Looking into PostgreSQL revealed that we actually had two systems with that symptom:

foreman=# select * from katello_systems where uuid is null;

  id  | uuid |         name          |         description         | location | environment_id |         created_at         |         updated_at         |      type       | content_view_id | host_id

------+------+-----------------------+-----------------------------+----------+----------------+----------------------------+----------------------------+-----------------+-----------------+---------

6891 |      | hostname              | Initial Registration Params | None     |              4 | 2016-11-15 12:58:01.246012 | 2016-11-15 12:58:01.246012 | Katello::System |              15 |

6262 |      | hostname2             | Initial Registration Params | None     |              4 | 2016-09-26 09:06:38.945969 | 2016-09-26 09:06:38.945969 | Katello::System |              16 |

(2 rows)


PostgreSQL would also tell us that there were another two systems with those hostnames, but now with proper UUIDs.
Seems the initial registration of those wen't badly and they were re-registered.

After erasing the two broken systems from the DB the upgrade_check would run fine.

I think the upgrade_check.rake needs a bit more of error handling, as I would expect it to catch this bad systems and tell me about them, not choke on them.

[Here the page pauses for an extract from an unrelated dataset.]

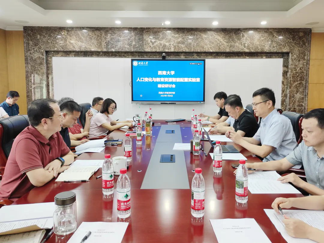 为贯彻落实《教育强国建设规划纲要(2024—2035年)》,促进学校人文bw必威西汉姆联官网高质量发展,2025年7月8日下午,bw必威西汉姆联官网人口变化与教育资源智能配置实验室建设研讨会在田家炳楼814会议室召开。学校bw必威西汉姆联官网处处长罗超平、副处长吴淑爱、科研平台建设办公室主任范德臣,教育学部党委书记周文全、部长朱德全,副部长彭泽平、王正青,副书记卓玉兵、刘娇,教育技术学院院长刘革平、副院长徐小容、邓晖、实验室研究人员等30人参加研讨会。研讨会由实验室主任朱德全教授主持。

Version-Release number of selected component (if applicable):
Satellite 6.1.11

How reproducible:
Always, but no idea how the initial problematic host was created

Steps to Reproduce:
1. create a katello::system without a uuid
2. run foreman-rake katello:upgrade_check

Actual results:
rake aborted

Expected results:
system is said to be faulty

Comment 1 Ivan Necas 2017-01-03 12:59:48 UTC
The reason for this I can imagine could be a failed orchestration of the host, so that was never finished (perhaps the task was force-unlocked).

I agree the upgrade check should handle such a situatino

Comment 2 Ivan Necas 2017-01-03 13:04:11 UTC
Created redmine issue http://projects.theforeman.org/issues/17905 from this bug

Comment 4 Ivan Necas 2017-01-03 13:10:25 UTC
It seems it's similar to https://bugzilla.redhat.com/show_bug.cgi?id=1329561

Comment 5 Evgeni Golov 2017-01-03 13:31:50 UTC
FWIW, those hosts are content-only, so there was no corresponding Foreman-Host at all (and that part is fine).

Comment 6 Bryan Kearney 2017-03-27 17:03:58 UTC
I do not forsee fixing this for 6.1. I am aligning this to 6.2.z only.

Comment 7 Evgeni Golov 2017-03-27 19:27:54 UTC
Hi Brian,

any reason you flagged this to 6.3 and not to 6.2 then?

Comment 8 Bryan Kearney 2017-05-10 12:44:32 UTC
It is linked to both 6.3 and 6.2.z so that if we fix it in one, we fix it in both.

Comment 9 Bryan Kearney 2017-05-23 15:12:48 UTC
This did not make it in time for 6.3, moving it to backlog.

Comment 11 Bryan Kearney 2018-09-04 18:01:00 UTC
Thank you for your interest in Satellite 6. We have evaluated this request, and we do not expect this to be implemented in the product in the foreseeable future. We are therefore closing this out as WONTFIX. If you have any concerns about this, please feel free to contact Rich Jerrido or Bryan Kearney. Thank you.